Ok good to know! Thank you. I have a related question then. What I am ultimately trying to do is one class classification where the model is trained to identify one sound and that’s it. I tried just training with one class, and when I did, everything got labeled as that sound (noise included). I then tried adding a noise class, which made it so that all sounds got labeled as the sound, and when it was quiet, it got labeled noise. This is why I wanted to try anomaly detection with my model.
Any recommendations on how to go about doing this? I can add lots of other classes to my model, but I am now curious to know if there is another way, or if possibly Edge Impulse is not suited for this application.
Hi @emladina, this is a good question, thanks for your post!
You’re correct in identifying that you’ll need a “noise” class in order to distinguish the sound you care about from general background noise. Otherwise, since the output of a classification model is a probability distribution across all the known classes, you’ll just get a single “1.0” as your model’s output.
In your application, when your model predicts noise you can just ignore it.
Here are some tips on getting the noise class to work well:
Collect roughly as much data for each class (e.g. 50/50 between the sound you care about and general background noise).

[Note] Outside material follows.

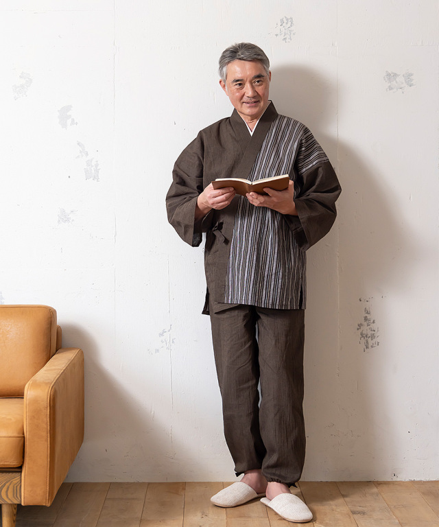 カラーは濃紺・中紺・黒・グレー・茶の5色を揃えました。春夏の洒落たくつろぎ着をお探しの方に最適な作務衣です。

Make sure you have the same balance in your training and test datasets.
Include lots of different types of background noise in the background noise class—try to include all the types of background noise that might reasonably occur in the place you’re deploying your model
Make sure you have samples with various volumes so that your model doesn’t just learn that “noise” is the quiet one.
To get you started, here are some of my go-to quick sources of background noise:
Thanks for the response! Good to know that my noise class should not just include quiet. I am trying to specifically listen out for asthmatic sounds (snorts) made by a dog, so I will likely need to add common household sounds as well as other dog sounds (barking, play sounds, etc.).
I’ll take a look at those datasets and try adding them to my model.
As a follow up question, does it affect model performance if I just have two classes as opposed to more? So if I have my target sound (asthmatic sounds) in one class and all other sounds in a noise class, will that perform differently than a model where I have those two classes, but in addition, sounds that might be similar to asthmatic sounds are given their own label? To be clear, I wouldn’t have extra data, just that as opposed to labeling similar sounds as noise, I give them their own label. Or would these two models perform the same? I apologize if this is more of a broader ML question as opposed to a strictly Edge Impulse one.
No need to apologize, this is a great question! In theory there shouldn’t be a huge difference between having the various noise types merged into one class vs. in distinct classes—the models should behave quite similarly.